The Blackstone Library is home to lots and lots of books, and new ones arrive almost every day. More books are being published than ever before, but back when the pace of publishing was a little slower, the Blackstone used to publish a list of some of our newly acquired titles in the local newspaper. This list appeared in the New Haven Evening Register in about January of 1906. Can you spot the history making title? We’ll give you a hint–if you’ve ever read it, you probably avoided meat for at least a little while after finishing.
You can still find a list of the newest books we’ve added to our collection, now updated for the 21st century! Check it out as part of our online catalog here. Who knows, maybe you’ll be the first to get your hands on a history making title today!
We have a new face in the Reference Department and the fun and excitement of seeing the library through fresh eyes inspired this week’s 125th Anniversary Fact. We all know the library is an old building, but it’s easy to forget how old until you’re confronted with the day to day reality of it. For example, a handful of doors in the building are still opened with their original skeleton keys circa 1896. If it ain’t broke, don’t fix it as they say! We also have several decommissioned ones floating around too, like the one featured in today’s fact. We’re not always sure which doors they used to open (or if the door is even still in the building), but we like to keep them around anyway. As you can see this key was manufactured right here in Branford, probably at Branford Lock Works.
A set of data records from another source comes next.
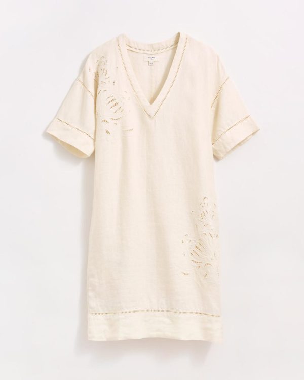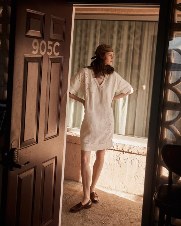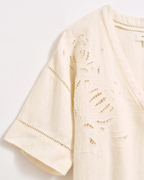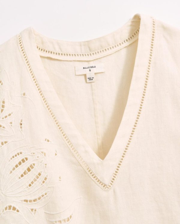 This simple dress will quickly become one of your spring style staples. The 100% linen fabric has a lovely pointelle design embroidered into it at the sleeves and at the hem of the neck. A protea flower motif at the right shoulder and left side complements the look as a modern take on the white eyelet dress. It’s our take on the ubiquitous white summer eyelet dress—built to go anywhere you do.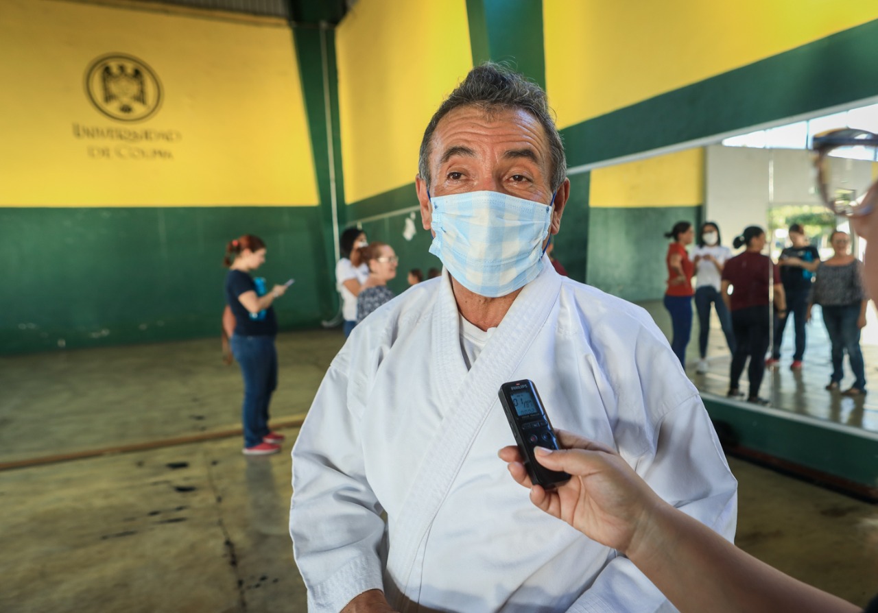 Como parte de las Jornadas Académicas 2023 de la Universidad de Colima, se lleva a cabo en el Polideportivo Universitario, el taller “Defensa personal”, dirigido a docentes y personal de apoyo académico, a cargo de los maestros Cristóbal Alejandro Aburto Tinoco y José Oca Montes.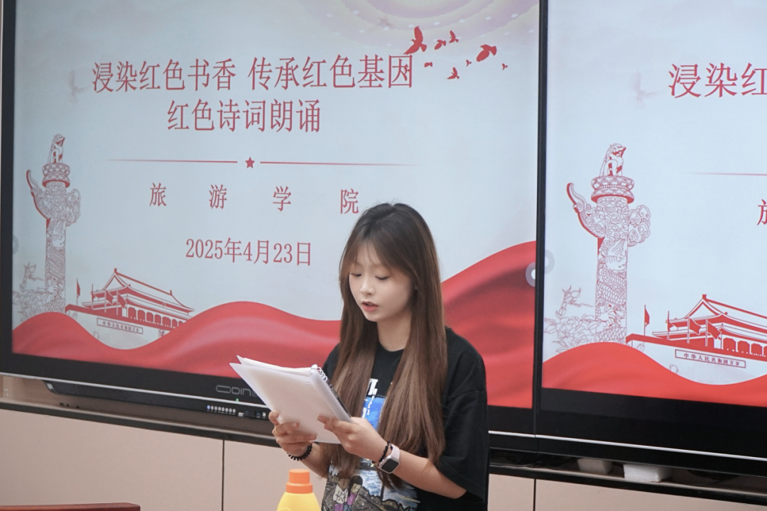 比赛现场,同学们以声传情、以韵明志。《沁园春·雪》豪迈大气,尽显革命者胸怀天下的壮志;《囚歌》情感真挚,重现革命志士坚贞不屈的精神;《七律·长征》音韵铿锵,展现红军战士的英勇无畏;《清平乐·六盘山》慷慨激昂,抒发解放军的凌云壮志;《卜算子·咏梅》格调昂扬,展现出游击队伍坚贞不屈的精神风貌。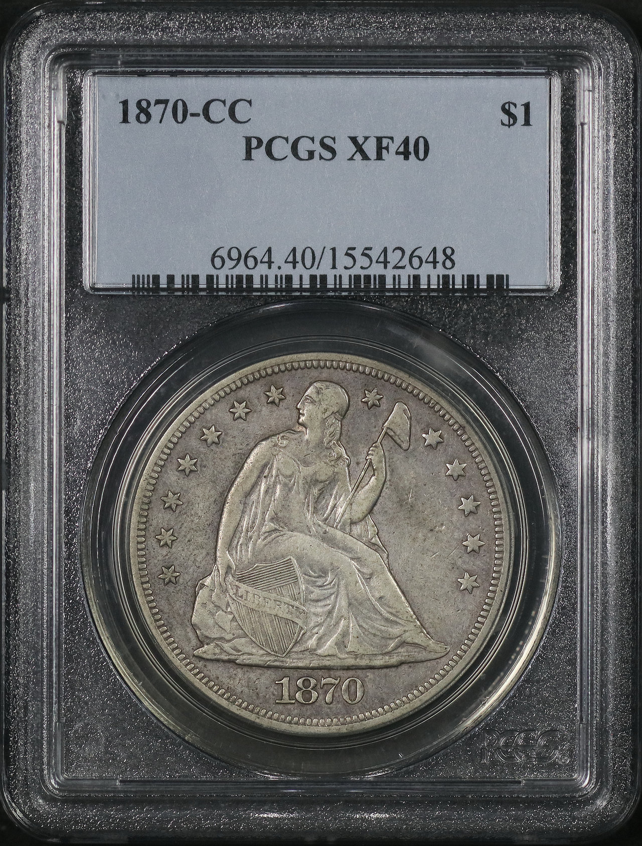 1870-CC Liberty Seated Dollar PCGS XF-40 designed by Christian Gobrecht.

For today’s 125th anniversary fact we’re sharing some information about another famous author featured as part of our rotunda! Nathaniel Hawthorne is perhaps one of the most famous authors from New England, and arguably one of the most important American writers of all time.
Born in Salem MA in 1804 and descended from a prominent Puritan family, Hawthorne was the son of a sea captain who died when Nathaniel was 4 years old. In order to earn a livelihood Hawthorne served as surveyor of the port at Salem (1846-49), where he began writing his masterpiece, The Scarlet Letter (1850). Set in 17th-century Puritan New England, the novel delves deeply into the human heart, presenting the problems of moral evil and guilt through allegory and symbolism. It is often considered the first American psychological novel.
For a time the Hawthornes lived at “Tanglewood,” near Lenox, Mass. where Hawthorne befriended his neighbor Herman Melville. Melville was one of the first to appreciate Hawthorne’s genius and the two were reportedly very close friends. Aside from his importance as a novelist, Hawthorne is justly celebrated as a short-story writer. He helped to establish the American short story as a significant art form with his haunting tales of human loneliness, frustration, hypocrisy, eccentricity, and frailty. Among his most brilliant stories are “The Minister’s Black Veil,” “Roger Malvin’s Burial,” “Young Goodman Brown,” “Rappaccini’s Daughter,” “The Great Stone Face,” and “Ethan Brand.”
Be sure to come and visit our portrait of Nathaniel Hawthorne (and all our other amazing portraits and paintings) on your next visit to the Blackstone!
For today’s 125th Anniversary Fact we’re sharing a little bit about one of the authors featured in the library’s rotunda. Each portrait below the dome features a famous author from New England, and today we’re featuring William Cullen Bryant. Born in Massachusetts in 1794, Bryant was trained as a lawyer but eventually made his living as both a successful poet and the editor in chief of the New York Evening Post. You can read more about him on our Facebook page!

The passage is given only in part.